> **YOUR INSTRUCTIONS**: The answer consists solely of the lines running from the one with "Answer 5 trivia" through the final line below, transcribed exactly and without any pictures.

++++ RECORDED INFORMATION ++++

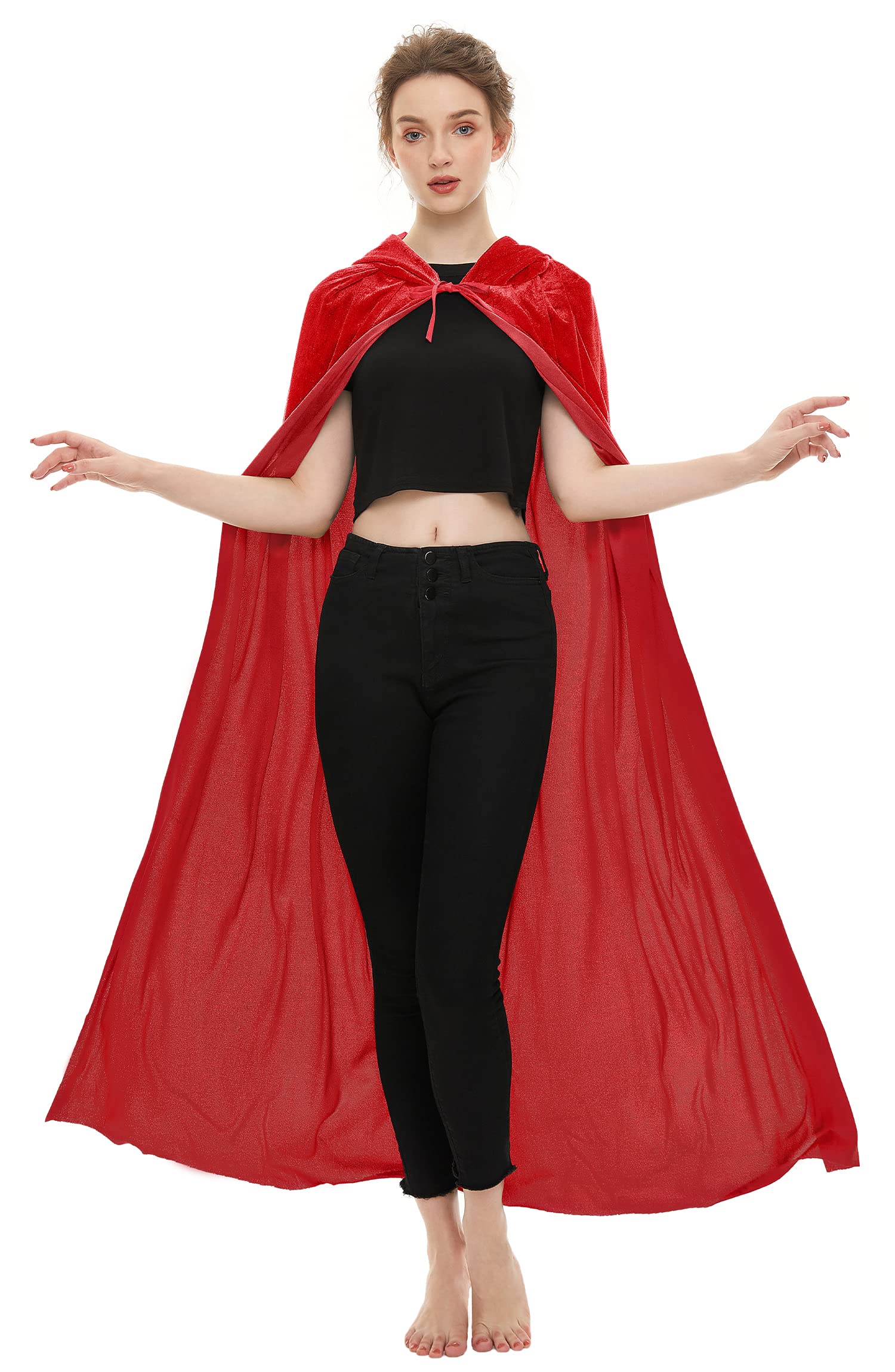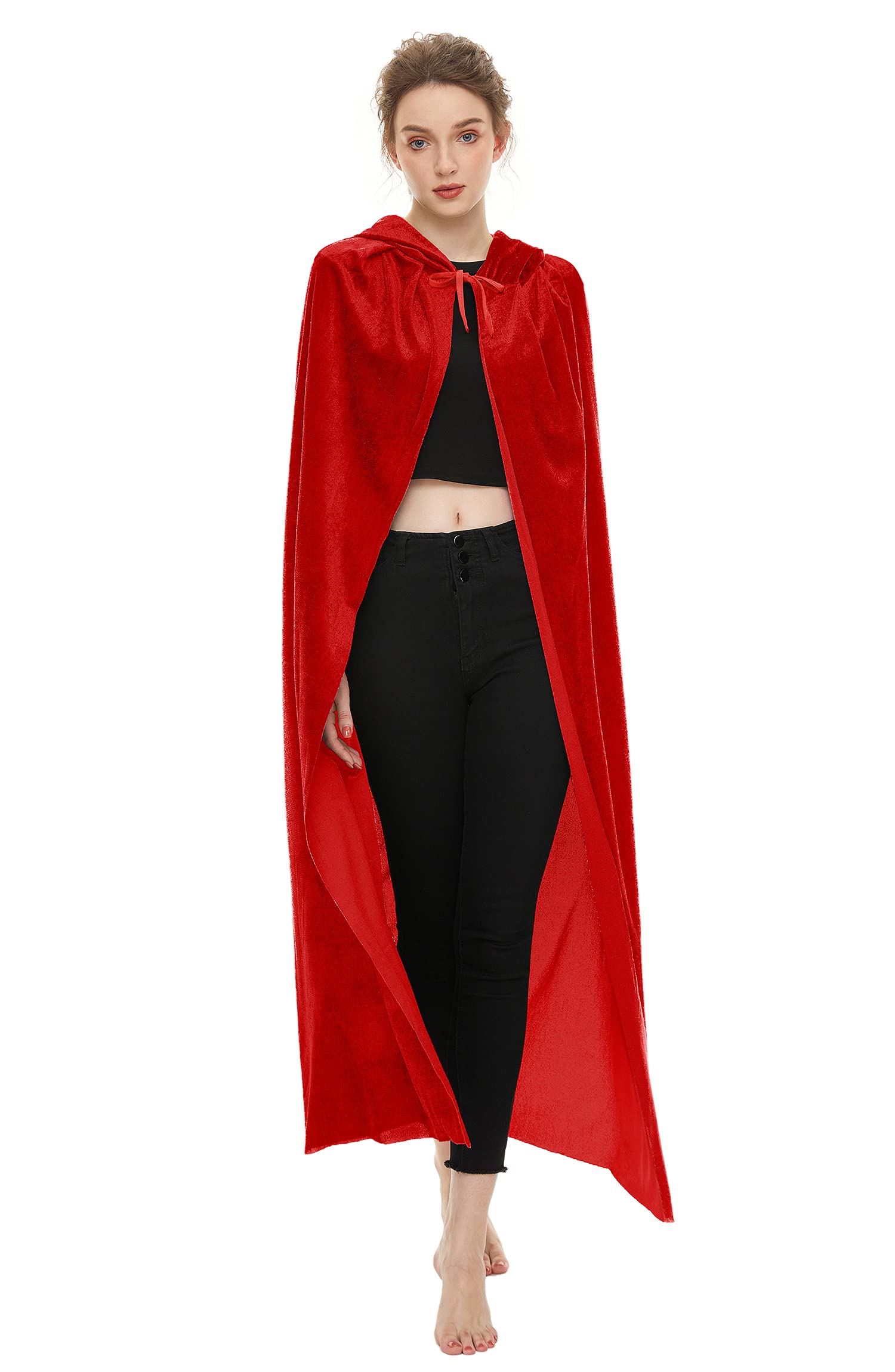 Cloak with Hood: Hooded cloak for women with string in neck to tie, not easy to be loose. Long cloaks with oversized hood make your Halloween or Cosplay Party mysterious, different colors meet a variety of cosplay needs.
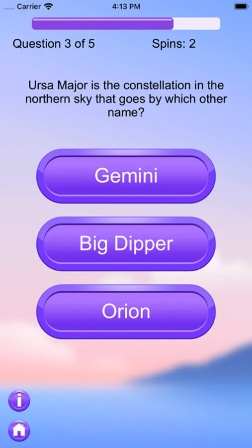 Answer 5 trivia questions from the category of choice, and earn one spin per correct answer. You might even learn some useless knowledge to showcase at your next party! Each question is timed. You'll have 15 seconds to answer the question. If time expires, no spin is awarded.
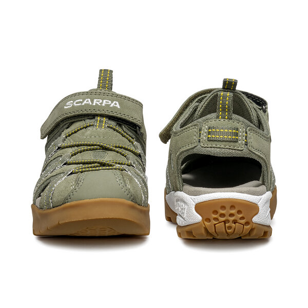 MOJITO SANDAL KID са лятната версия на най-популярния модел на Scarpa - Mojito, с горна част изработена от велур и текстил. Затворени пръсти за повишена защита и анатомичен калъп.

++++

> **SOLUTION BELOW**:
 Answer 5 trivia questions from the category of choice, and earn one spin per correct answer. You might even learn some useless knowledge to showcase at your next party! Each question is timed. You'll have 15 seconds to answer the question. If time expires, no spin is awarded.
 MOJITO SANDAL KID са лятната версия на най-популярния модел на Scarpa - Mojito, с горна част изработена от велур и текстил. Затворени пръсти за повишена защита и анатомичен калъп.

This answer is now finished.